• [WORK ORDER]:
All of the data goes into your copy exactly as written. Images do not.
____ INPUT FOR THIS TASK
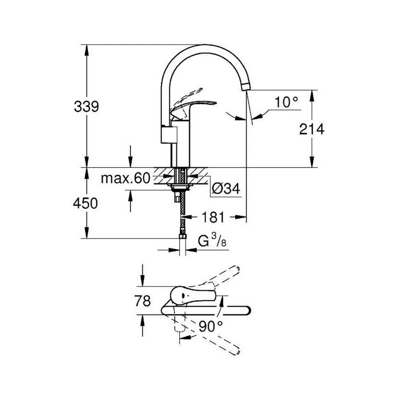 Grohe – Mitigeur évier bec haut 339mm Eurosmart
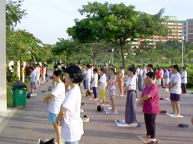 2002年8月,在新加坡展览中心,学员们自99年720以后第一次走上舞台面对数以千计的公众演示功法,法轮大法的炼功音乐在大厅响彻,真善忍的光芒沐浴着渴望真相的众生。
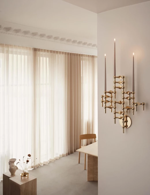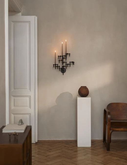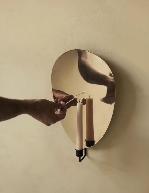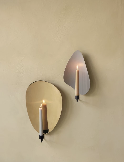 Świecznik ścienny „Flambeau” od duńskiej marki Audop Copenhagen inspirowany był francuskim modernistycznym oświetleniem. Jego kształt przypominać ma migający płomień ognia. Metalowa osłonka nie tylko chroni ścianę, ale także odbija światło, co potęguje nastrój. Za projekt świecznika odpowiada duńskie studio Krøyer-Sætter-Lassen.
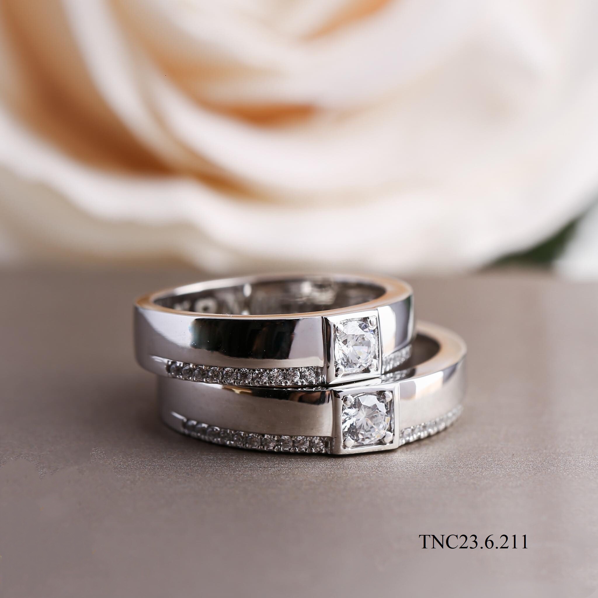 Được thiết kế bởi thương hiệu Skymond Luxury, mẫu nhẫn cưới TNC 23.6.213 là một trong những lựa chọn hàng đầu cho các cặp đôi quan chức. Với kiểu dáng đơn giản nhưng sang trọng, nhẫn cưới này được làm từ vàng trắng 18K, với một viên kim cương lớn và những viên kim cương nhỏ xung quanh tạo nên sự lấp lánh và đẳng cấp. Điểm đặc biệt của mẫu nhẫn này là việc khắc tên và ngày kỉ niệm cưới của hai người trên bên trong nhẫn, tạo nên sự độc đáo và ý nghĩa cho ngày này.
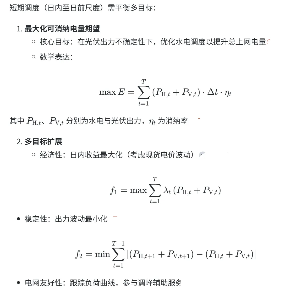 - 多时间尺度协同:短期调度与中长期水库调度的耦合(如蓄能增量最大化)。
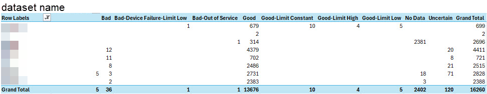 It would be really helpful if we could have # of tags per quality (or even just good/not good) per dataset. That way we could see this in trends and use it for events/alerts like if we had a collector problem somewhere. We have manually done something like this in Excel and played around with pulling these numbers and publishing them through MQTT back to Canary for storage but a "built in" solution would be much better.
________
• [THE ANSWER]:
 Grohe – Mitigeur évier bec haut 339mm Eurosmart
 2002年8月,在新加坡展览中心,学员们自99年720以后第一次走上舞台面对数以千计的公众演示功法,法轮大法的炼功音乐在大厅响彻,真善忍的光芒沐浴着渴望真相的众生。
 Świecznik ścienny „Flambeau” od duńskiej marki Audop Copenhagen inspirowany był francuskim modernistycznym oświetleniem. Jego kształt przypominać ma migający płomień ognia. Metalowa osłonka nie tylko chroni ścianę, ale także odbija światło, co potęguje nastrój. Za projekt świecznika odpowiada duńskie studio Krøyer-Sætter-Lassen.
 Được thiết kế bởi thương hiệu Skymond Luxury, mẫu nhẫn cưới TNC 23.6.213 là một trong những lựa chọn hàng đầu cho các cặp đôi quan chức. Với kiểu dáng đơn giản nhưng sang trọng, nhẫn cưới này được làm từ vàng trắng 18K, với một viên kim cương lớn và những viên kim cương nhỏ xung quanh tạo nên sự lấp lánh và đẳng cấp. Điểm đặc biệt của mẫu nhẫn này là việc khắc tên và ngày kỉ niệm cưới của hai người trên bên trong nhẫn, tạo nên sự độc đáo và ý nghĩa cho ngày này.
 - 多时间尺度协同:短期调度与中长期水库调度的耦合(如蓄能增量最大化)。
 It would be really helpful if we could have # of tags per quality (or even just good/not good) per dataset. That way we could see this in trends and use it for events/alerts like if we had a collector problem somewhere. We have manually done something like this in Excel and played around with pulling these numbers and publishing them through MQTT back to Canary for storage but a "built in" solution would be much better.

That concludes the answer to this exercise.